- O Estado de S. Paulo
A presidente Dilma Rousseff está ficando cansativa. Por repetitiva. Insistente no discurso vazio em que aponta intenções golpistas na discussão sobre a interrupção de seu mandato via impeachment ou renúncia.
Duas hipóteses absolutamente legais. Se Dilma as repudia é outra história. Ambas estão claramente descritas nos artigos 79, 80 e 81 da Constituição, que tratam da vacância do cargo e dos procedimentos para substituição. Não quer renunciar? Um direito que lhe assiste. Não está premida por justificativa jurídica? Melhor para ela.
Isso não lhe dá autorização para interditar um debate e muito menos para imputar crimes aos debatedores. Que, aliás, debatem à luz do dia.
Seria um caso peculiar de conspiração em praça pública e nos conformes da lei. A presidente da República banaliza o conceito de golpismo e põe em xeque o próprio dever conferido pelo posto de atuar contra tal natureza de infração e tais tipos de infratores a cláusulas pétreas da Carta.
Ela tem instrumentos na legislação para isso. O que não tem são motivos providos de substância.
Aponta ilegalidade onde vigora a plena legalidade. No que tange ao raciocínio lógico – terreno estranho à presidente – coloca-se, assim, na defesa de uma tese à margem da lei.
Não há “uso” da crise. Há uma crise, cuja saída depende de quem está no comando. Não apenas pelo fato de ser a responsável pela situação crítica, mas principalmente porque foi eleita para resolver os problemas, levar o País a superar as dificuldades.
Portanto, conviria à presidente perceber as circunstâncias. Estas apontam para a necessidade premente de uma solução efetiva, consistente. Se ela se mostrar capaz de conduzir o Brasil na direção da saída da crise, terá readquirido legitimidade para completar o mandato para o qual foi eleita. Se não, perderá as condições políticas para governar.

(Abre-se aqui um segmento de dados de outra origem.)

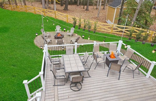 Indulge in a luxurious 5-star experience at this exquisite 1/2-acre, 3000 sq ft residence in North Charlotte. Treat yourself to leisurely moments around the fire-pit on the expansive 400 sq ft deck, where you can revel in relaxation or engage in lively games of ping pong and cards on the 8-seat poker table. Enjoy restful nights on premium king-sized beds with luxurious 100% cotton sheets. With six TVs available for your entertainment, watch together or privately in your own bedroom.

Não será adotando o modelo caça golpista que vai reconquistar a confiança não diria nem da maioria absoluta, mas ao menos daquela maioria da população que a considerou apta para exercer um segundo mandato e hoje se mostra arrependida, conforme demonstram as pesquisas.
O discurso do golpe poderia até servir como palavra de ordem ao PT. Caso o PT ainda existisse como força política competitiva. Não existe mais. Dilma está desguarnecida do ponto de vista partidário. Bem como não dispõe de guarnições robustas no governo nas áreas cruciais da política e economia.
A presidente da República está só, refém de disputas internas e externas pelo espólio do partido ou pela herança do poder.
A cantilena do golpismo não leva a lugar algum. Apenas põe a presidente na situação do combatente que se desloca para a defesa com armas de ataque. Nada combina com nada. Todas as variantes contrariam as regras básicas da lógica.
As premissas não se coadunam com a conclusão e, nessa barafunda de ideias, a chefe da Nação acaba permitindo que seja pega no flagrante delito da má intenção, quando argumenta que nunca usou o poder para bloquear investigações.
Tal menção, feita ao molde de orgulho, considera a hipótese de o governante usar de seu poder para solapar as atribuições dos demais poderes. Quando Dilma diz “não fiz” ao mesmo tempo considera que “poderia ter feito”, mas “não quis”.
No desespero final, o mesmo argumento utilizado por Fernando Collor no apelo à clemência da Câmara quando do julgamento do pedido de abertura do processo de impeachment.
Collor não interferiu porque não podia. Dilma pode não tê-lo feito pelos motivos certos, mas justifica o gesto pelas razões erradas.